▼▼▼

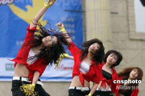 2008年“五一”期間, 2008“中網(wǎng)·網(wǎng)動(dòng)中國(guó)”網(wǎng)球拉拉隊(duì)團(tuán)體復(fù)賽在北京歡樂(lè)谷舉行。來(lái)自北京十幾所高校的拉拉隊(duì)選手參加了比賽,進(jìn)入前三名的選手將取得2008中國(guó)網(wǎng)球公開(kāi)賽拉拉隊(duì)的資格。中新社發(fā) 陳曉根 攝
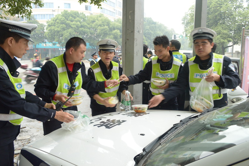 11月9日16:00,大队领导带领民警到达指定路段,在朗州路与新民街交叉路口、中法路口、丹阳天桥路口等15个路口合理布置警力,实施交通管制和疏导工作,从19:30分开始至22:30时,全体参战领导和民警发扬不怕苦、连续作战的精神,提前到达各自执勤岗位,以严整挺拨的警容警姿、认真负责的工作态度,圆满完成了此次“农行之夜”巨星演唱会暨秘藏德山一周年庆典的交通警保卫工作任务,展现了常德交警的风采。
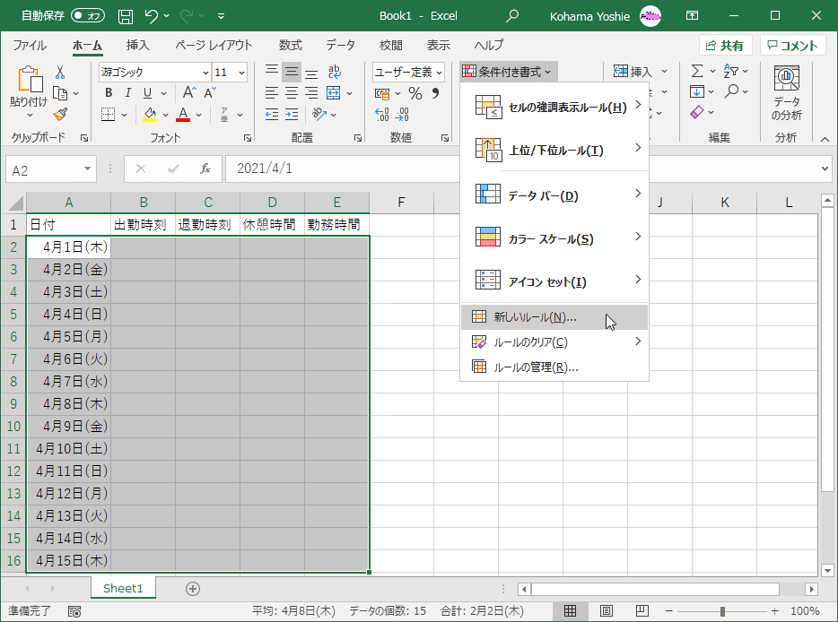 データセル範囲を選択し、[ホーム]タブの[スタイル]グループの[条件付き書式]をクリックして、[新しいルール]を選択します。

▲▲▲

__TASK STATEMENT__.
Every line of the data is to be transcribed exactly, and no picture is to be included.

__RESULT__.
 2008年“五一”期間, 2008“中網(wǎng)·網(wǎng)動(dòng)中國(guó)”網(wǎng)球拉拉隊(duì)團(tuán)體復(fù)賽在北京歡樂(lè)谷舉行。來(lái)自北京十幾所高校的拉拉隊(duì)選手參加了比賽,進(jìn)入前三名的選手將取得2008中國(guó)網(wǎng)球公開(kāi)賽拉拉隊(duì)的資格。中新社發(fā) 陳曉根 攝
 11月9日16:00,大队领导带领民警到达指定路段,在朗州路与新民街交叉路口、中法路口、丹阳天桥路口等15个路口合理布置警力,实施交通管制和疏导工作,从19:30分开始至22:30时,全体参战领导和民警发扬不怕苦、连续作战的精神,提前到达各自执勤岗位,以严整挺拨的警容警姿、认真负责的工作态度,圆满完成了此次“农行之夜”巨星演唱会暨秘藏德山一周年庆典的交通警保卫工作任务,展现了常德交警的风采。
 データセル範囲を選択し、[ホーム]タブの[スタイル]グループの[条件付き書式]をクリックして、[新しいルール]を選択します。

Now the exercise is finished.